English witches were not burned at the stake or tortured in the popular continental manner. Death at the stake was a fate reserved for traitors and heretics, and under the Witchcraft Act of 1563, death by hanging was reserved for those found guilty of murder by sorcery. Despite these setbacks, Hopkins managed to have between 200 and 400 people executed. In Suffolk alone, Hopkins had 68 people executed.

Hopkins' primary means of inducing confessions included tortures which shed no blood. His primary "torture" was sleep deprivation. In one instance, John Lowe, 70-year-old vicar of Brandeston, was "swum in the moat," kept awake for three days and nights, and then forced to walk without rest until his feet were blistered. Denied benefit of clergy, Lowe recited his own burial service on the way to the gallows.

Being the witch-finder general was financially lucrative. In a time when daily wages were as little as 2.5 pence, Hopkins was raking in £15 to £23 per town cleansed of witches.

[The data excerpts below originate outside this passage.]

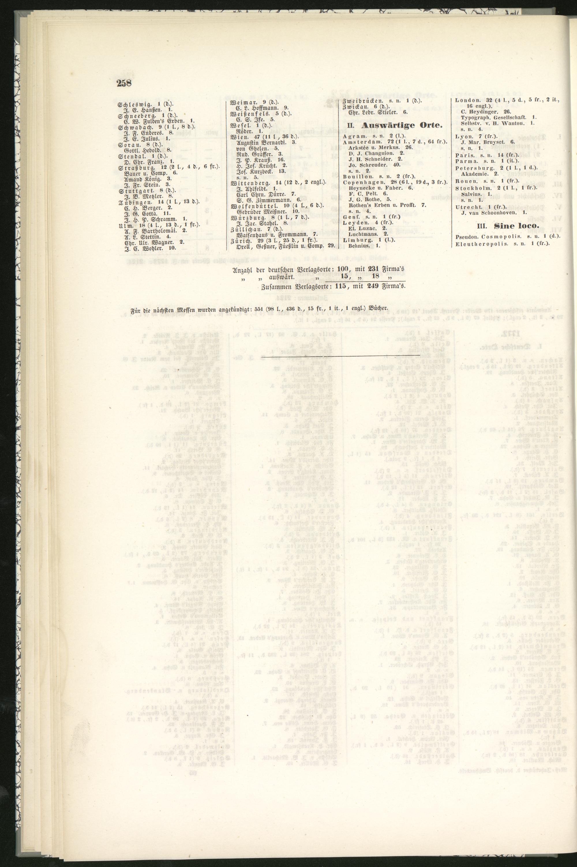 Anzahl der deutschen Verlagsorte: 100, mit S31 Firma's„ „ auswärt. „ 15, „ 18 „
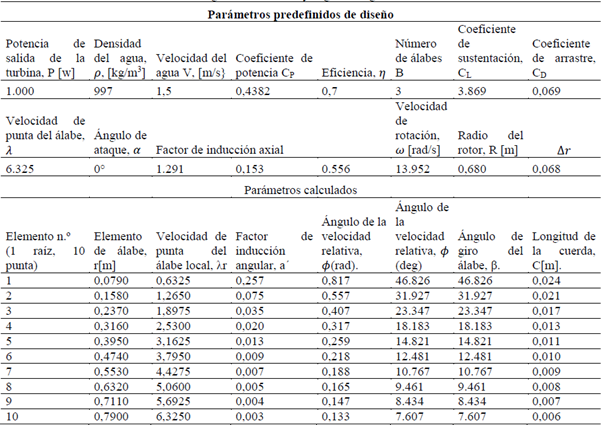 En la Tabla 3, pueden observarse los parámetros predefinidos para el diseño de los álabes; es decir, la potencia de diseño, las condiciones de la corriente de agua, el coeficiente de potencia, la eficiencia mecánica, el número de álabes, la velocidad de punta del álabe, el ángulo de ataque, los coeficientes de sustentación y arrastre, el factor de inducción axial, la velocidad rotacional y el radio del rotor.
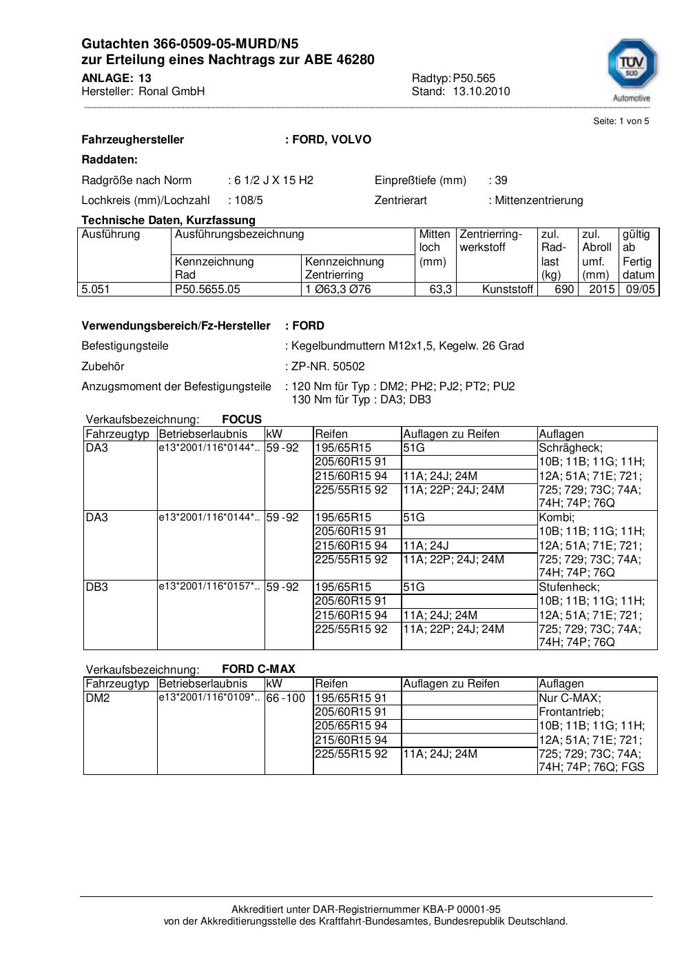 Felgengutachten / abe für Alufelgen Ronal P50.565 (2Jx15 ET 0, Mittenloch 0 mm) mit KBA 46280 (Zertifikatsnummer 46280). Hier kostenlos als PDF herunterladen. Der Download-Link ist 24 Stunden gültig und kann bis zu zwei Mal verwendet werden.

Hopkins dressed fashionably in Puritan tunic and cloak, and was able to employ two assistants to help him with his work in East Anglia.

Hopkins' specialization seems to have been extracting confessions of witchcraft from elderly women with pets.

Faith Mills, of Fressingham, Suffolk, admitted that her three pet birds, Tom, Robert, and John, were in reality familiars who had wrought havoc by magically aking a cow jump over a sty and breaking a cart. She was hanged.

Not above using trickery to prove guilt, Hopkins employed such witch-finding tools as the spring-loaded knife. Since witch spots did not bleed when pricked, Hopkins would stab at such marks with a retractable blade. The victim would be left without a mark--clear proof of sorcery.

Eventually, opposition to Hopkins' bloody persecutions grew. In 1646, Puritan minister Reverend John Gaule of Great Staughton, wrote a pamphlet called Select Cases of Conscience towards Witches and Witchcraft, an exposé of Hopkins' methods. Gaule also preached against Hopkins' brutality from the pulpit, and hinted that Hopkins himself was a witch.

In retaliation, Hopkins published his own pamphlet entitled The Discovery of Witchcraft. Nonetheless, the tide had begun to turn against him. Two accounts exist of Hopkins' demise: one, that he was himself accused of witchcraft and hanged, and two, that he died in his bed of tuberculosis.